Performance-based limiting (and figuring out what the correct limits should be to not impact legitimate use but also serve as a guardrail against Shit Breaking) is a very hard problem and it's really common to launch with much lower limits than you think you can handle Just In Case
Generally when you notice limits like this when something first launches, it's "we're worried we may not have calculated the performance impact well enough so we're being conservative, let's set it low and see how many people run into it".
Also (don't tell anyone) a lot of times devs are just completely guessing at limits. "What should we set this to? Eh, seven is a good number, I like seven"
Our users really like it when we tell them "we totally made that number up and it will probably change in the future!" Admitting we are not all knowing also makes them more forgiving of fuckups, heh
My favorite version of this is where someone building a system creates a workflow, then hands the system off to another, bigger team
And that team treats that workflow like it's gospel because they didn't build it
Meanwhile it's built that way so I could avoid worrying about working weekends
My codebase is 25 years old and my cofounder and I were around for like 23 of them (we forked from another project we'd both worked on) so occasionally people come to us and ask "why does it--" and they know that when the answer starts with "okay, so--" they should prepare for horrors
There was one horrible hack, I forget exactly what, where the Modern Technologies Frontend Guy went "this makes NO SENSE, what went ON here" and after we explained he was both horrified and also conceded there was literally no better solution possible so he was going to have to do the same thing
Did I mention we're 25 year old legacy Perl running on a templating language (that thankfully we're moving off of, though not as fast as we'd like) that was only ever used in one other place and it was the original founder's prior project, heh
also I went looking through our Discord for some other fun stories and found the platonic example of "how people universally react when they start digging into something"
I recently updated something very much like this.
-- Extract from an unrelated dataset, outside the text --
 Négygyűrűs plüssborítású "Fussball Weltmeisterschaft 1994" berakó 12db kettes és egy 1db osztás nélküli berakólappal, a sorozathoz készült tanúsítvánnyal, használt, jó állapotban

My favorite part was the first form validation failure we encountered: the jQuery selector it used for the relevant input was based on its position in the layout table, using five chained child() functions.
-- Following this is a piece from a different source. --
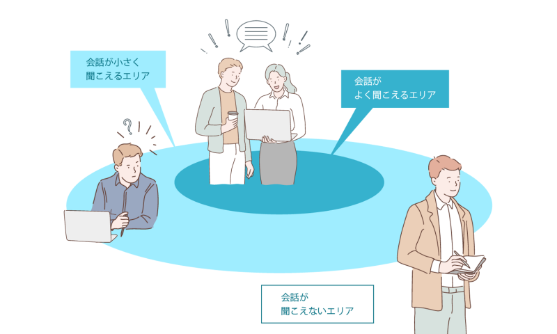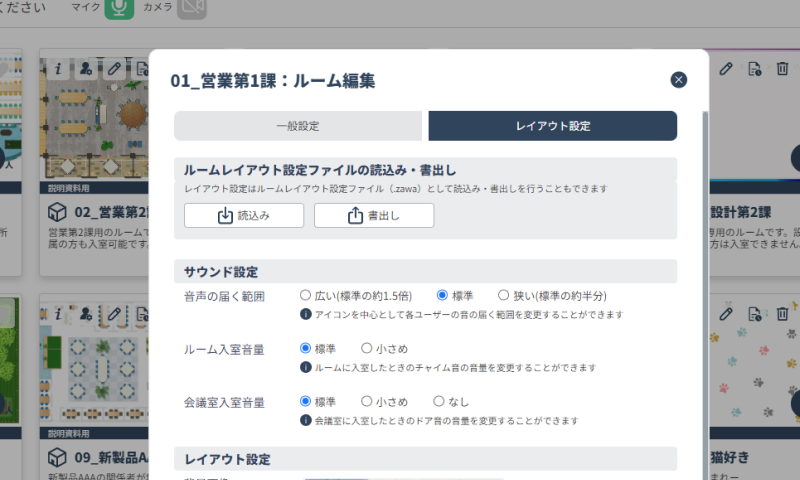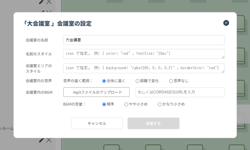 ルーム内には自由に会議室を配置できますが、各会議室ごとに声の届く範囲やBGMの有無などをカスタマイズすることもできます。

Eh, I've seen (and written) much worse. Mostly the multiple pages of .= and use of `my $foo_bar = sub { }` (and slightly nonorthogonally named at that) make my brow furrow a bit, but it also has the air of "there were reasons to do it like that at the time", and is still usable 16-yo code
in our defense, we used the LiveJournal source because it was battle tested and performance hardened and it has held up *amazingly* in the 15 years since we forked it, but oh god so much technical debt
Cold Fusion?!
*starts a 2 pack a day smoking habit just so he can take a sufficiently deep and ennui-filled drag on a cigarette*
There’s a name I haven’t heard in… a very long time.
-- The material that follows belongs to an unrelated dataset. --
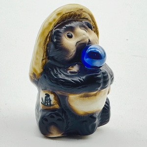 信楽焼・3号ミニ風水狸(青)は、日本の伝統工芸の魅力が詰まった愛らしい陶器製の置物です。

I'm still oddly proud of my (ab)use of the style engine when I implemented an entirely different calendar system from the multi-million-word Journal Entries series/metaverse (warning, it's erotica!) for my journal at one point.
But that might be indicative of how overly capable the templating was.
God, the degree of control we give people is amazing. One user worked out a layout that looked exactly like the Windows 10 desktop. Another person implemented Towers of Hanoi in their layout. We absolutely give people too much control, heh.
Once worked on an ASP site that crashed on the first user visit after new deployments but ran fine once restarted after that. Only once, only the first time and only if the user used a specific IE version.
Nope. Tried everything we could think of and started spoofing the user agent but nada. I suspect it's just something about IIS responding to IE. Was easier in the end to just make hitting the site and restarting the server a part of the deployment process.
"Okay so in August 2014 my computer crashed and it was the end of a sprint and we had to close out so I had to work on a Mac from 1996 for two days while Best Buy shipped me a replacement."
"And that's why this the decisioning here is done with an embedded hypercard stack"
"Correct, yes"
We occasionally still get disasters stemming from the fact that LiveJournal had broad international adoption among languages with non-ISO8859 alphabets before Perl or MySQL handled UTF-8 properly *at all*
We hacked UTF-8 support together to a degree of Good Enough For Now, then Perl and MySQL caught up but Perl's implementation was terrible for like another two years so we forced everything to keep going through our old solution, and then everything caught up and surprise! Now it's a problem!
It is now 2024 and we *still* have that bite us in the ass every few years with old data. Absolutely the correct technical decision at the time, wouldn't change a goddamn thing, have still had to troubleshoot more WTF-8 disasters than I ever wanted (one is too many)
rah, I don't know if you recall that one I mentioned I worked on with a century indicator that wasn't 0=1900;1=2000, but had weird logic of 0=1900 if the year is greater than 38 (or close to).
But it took me until last week (literally) to realize they probably did this because of the Epoch problem.